Narsarsuaq’s half-remembered histories

By Verified Expert

Reading time: 7 minutes

Published: 12/06/2020

I step off the Dash-8 onto the tarmac, greeted by blue sky arching over the glittering fjord. Despite living in Nuuk, the capital of Greenland, it’s been years since I’ve been in the South Greenlandic settlement of Narsarsuaq, an abandoned American military airbase.

A spotless, metallic-silver DC3 is the only other aircraft in sight. A handful of Americans, beaming with pride, are chattering, fussing around this splendid, mirror-like machine. Many such private aircraft turn up in remote parts of Greenland. This one is a veteran visitor and, built more than eighty years ago, has more flight hours than any other aircraft in the world.

In contrast, far off at the end of the airstrip, a rusted fuselage lies abandoned, dismembered, it’s wings and tail long gone. And near it, a ten-seater prop plane seems to have collapsed into the tarmac. It looks as if it would like to raise itself up, turn and start back down that wide empty space and over the fjord again. But its undercarriage, even its wings – defeated – rest heavily on the ground.

There is no moving from this final resting place. Places like Narsarsuaq are filled with the physical relics of stories that ended long ago, half-remembered pasts.

We’ve arranged to pick up a hire car at the airport, but there is no one to meet us. My friend asks around and eventually someone points him in the direction of the owner, by which I mean actually points at him. We follow him out of the terminal as he talks with someone else.
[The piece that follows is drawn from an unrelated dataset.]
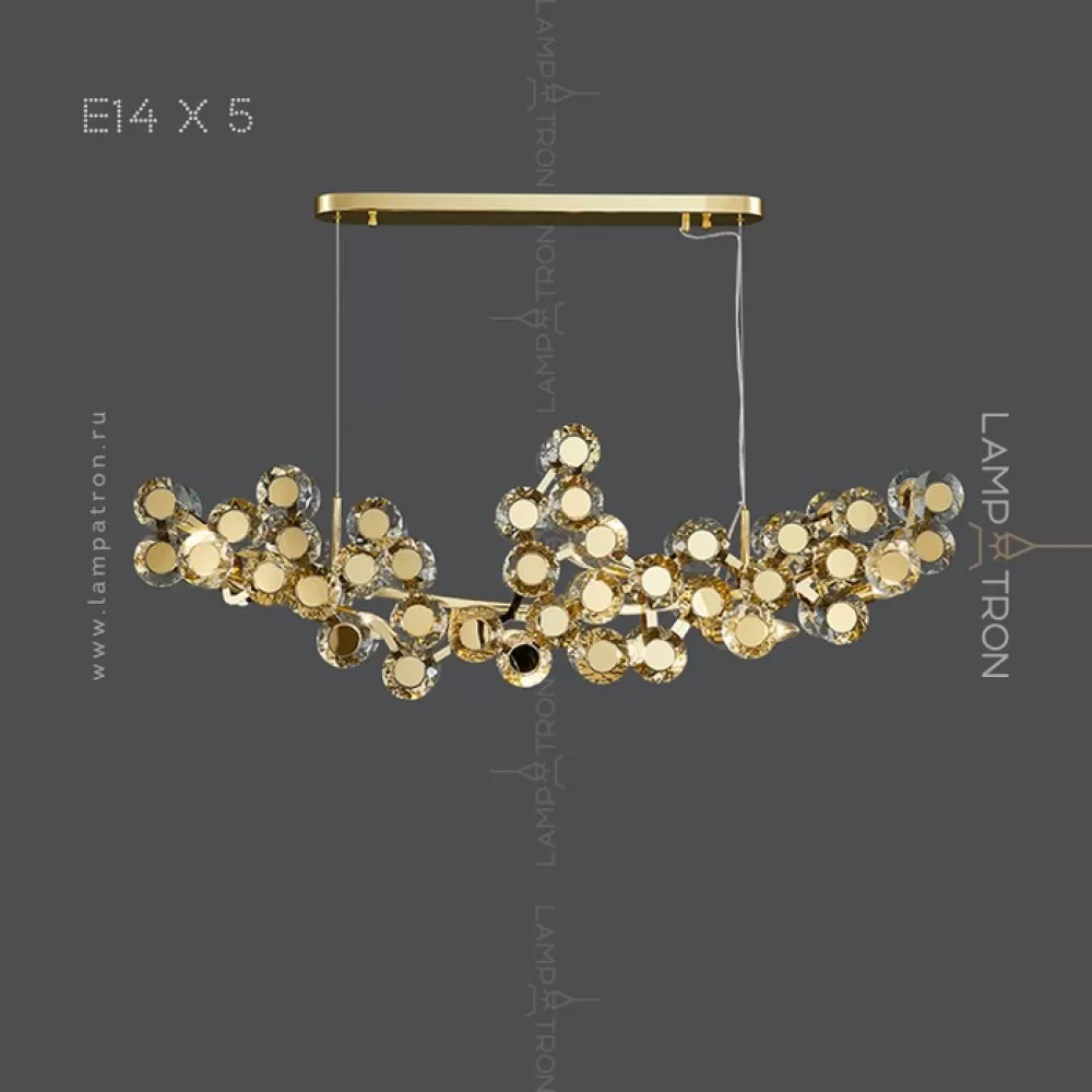 IOLA-L01. Реечный. Материал: металл/хрусталь; цвет корпуса: латунь; размеры (ширина × высота): 96 × 38 см; тип цоколя: E14; количество источников: 5

Their conversation is unhurried and I’m not quite sure if he’s noticed us. But after he finishes, he nods toward a battered red Hilux. He hasn’t checked my drivers’ license. He doesn’t know my name. In fact, he has not uttered a word to me before he wanders off without any obvious conclusion to our interaction. So we go to the car. The keys are in the ignition.

One minute’s drive down the road, we pull in to the expansive parking lot outside the equally expansive Hotel Narsarsuaq. Danish, American, and Greenlandic flags snap in the wind atop tall flagpoles towering above the entrance.

In the foyer, we pass a broad, curved staircase on our way to reception where a staff member hunches over the desk. “There are two single rooms upstairs,” she says, gesturing uneasily toward the staircase, “or you could take the two in the other wing.” She nods toward a two-storey building almost out of sight down a long, empty hallway.

I frown slightly. The implication seems to be that there are only four rooms available. Given the size of this place, there must be hundreds of rooms and I haven’t yet seen another soul. The massive parking lot outside has one car in it and that’s ours.

“I guess we’ll take the ones in the other building,” I reply. From the way she smiles, I get the feeling that was the right choice. What’s wrong with the other rooms? I wonder. Are there spooky twin girls who appear suddenly in the hall in that part of the hotel? The place does have a touch of The Shining to it.

Visiting anywhere in Greenland out of season is a little surreal. One has no idea what strange coincidences, what fragments of the past, what dreams of another time will materialize.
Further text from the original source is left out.